I sat there shaking, fighting to stop my silent sobbing. “Here’s the deal. You’re grounded until the end of the school year. All the way until June. You go to school and you come back. If you want to spend time with your friends they can come here where we can supervise you guys. After June, if you ever,” he leaned in until he was inches from my face, so close that I could smell the Folgers on his breath, “and I mean ever, come home smelling of alcohol or grass, you will no longer live at this house. Am I clear?”

I responded “Yes, sir” in shaky breaths. He banished me to my room. I spent the day in the fetal position, nauseous from guilt that pulsed through every part of my body. My sister came back home in the afternoon, and I heard my parents explaining to her what happened. After they were done she marched upstairs into my room. She wrapped me up in the tightest hug she had ever given me. I sobbed into her sweater and she sobbed into my hair; she left without us exchanging any words.

School on Monday was a terrifying prospect, but it was the only chance I had to get out of the house so I soldiered on. People came up to me all day saying their parents had told them I was missing and they had been worried about me. I never had more friends than on that November 2nd. I didn’t see Riley, Billy, or Wanda until lunch. I slunk embarrassed into the cafeteria and tried to be as discreet as possible, but someone spotted me and raised a cheer for me, the lost boy who was found again. I stood frozen in the spectacle before Billy grabbed my wrist. He was sitting with Wanda and her friends, decidedly not our table, but I enjoyed the opportunity to put names from her stories to faces. They started hammering me with questions, but Billy could tell I was getting queasy and put his Bullhorn to work. Later as I went to put my tray away Riley came up to me.

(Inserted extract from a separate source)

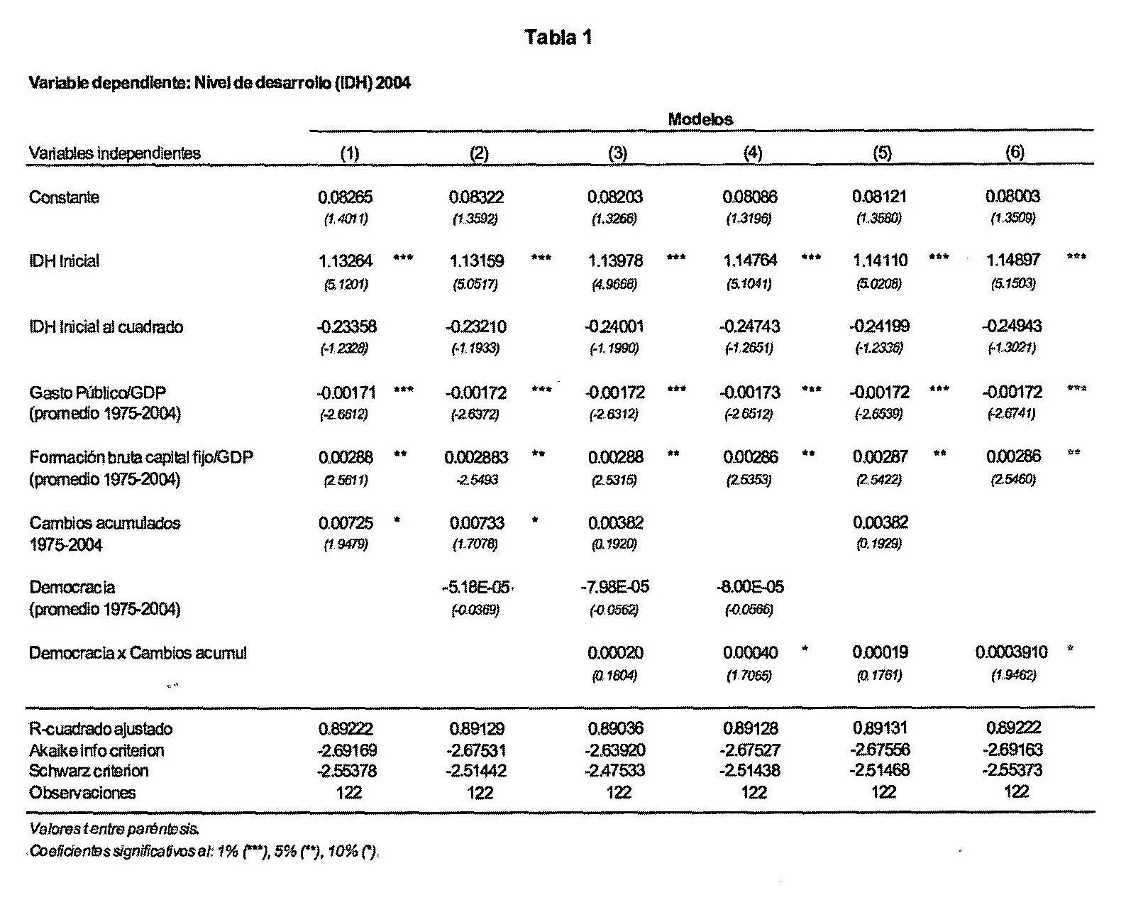 De acuerdo a nuestra hipótesis inicial, conociendo cómo un país ha transitado por diversos espectros políticos deberíamos tener algún poder de predicción sobre su nivel de desarrollo en 2004. En la tabla 1 ensayamos diferentes modelos de regresiones que tienen como variable dependiente el nivel de IDH en 2004 (ver anexo respecto a los datos y la elección metodológica).

 “I bet you got a real intense grounding, huh?” She said after we exchanged hellos.

 “Yeah, I got it pretty rough. Did you get grounded too?”

She gave me a bittersweet smile. “Before I left I told my parents I was going to a sleepover.”

 “Oh. So… you’d be able to see me again?”

She laughed at that. “Would your parents be fine with it?”

 “Well, you’d have to come to my house. If you’re ok with not going on any real dates until the summer, then I’m your guy.”

She made a face feigning that she was deep in thought, before brightly saying, “Ok! If there’s nothing to do at your house, you’re just gonna have to hear me talk and talk and talk forever.” She gave me a peck on the cheek and departed. That little kiss rolled around my mind the rest of the day. On weekends I’d wait on my front porch for her to bike over. She knew how hard I was fighting to contain my excitement, so she’d always busy herself making sure her bike was locked tight to our mailbox before coolly sauntering up the driveway. When she actually sat next to me, though, she’d light up. We’d watch cars drive by and people walking their dogs, giving them all manner of hidden lives. She’d muse that Mrs. Appleton in the green Volkswagen picked that color because she wished she lived in the rainforest, or that Mr. Bradley walking his sheepdog had thought he’d bought a rug until it barked at him.

 “You ever wonder if mailmen collect stamps?” She asked once, as we watched the mail truck make its way through our neighborhood.

 “Why would they do that? I feel like they’d get pretty sick of anything to do with mail.”

 “I don’t know. They might see a cool stamp and go out and buy one for themselves.” She paused for a moment, thinking. “If I was a mailman, I’d probably have a little map with all the places people have sent mail from. Just imagine, you’re going along your route and along with the phone bills and magazines there’s a letter from cousin Bill in Alaska or a postcard from Italy.”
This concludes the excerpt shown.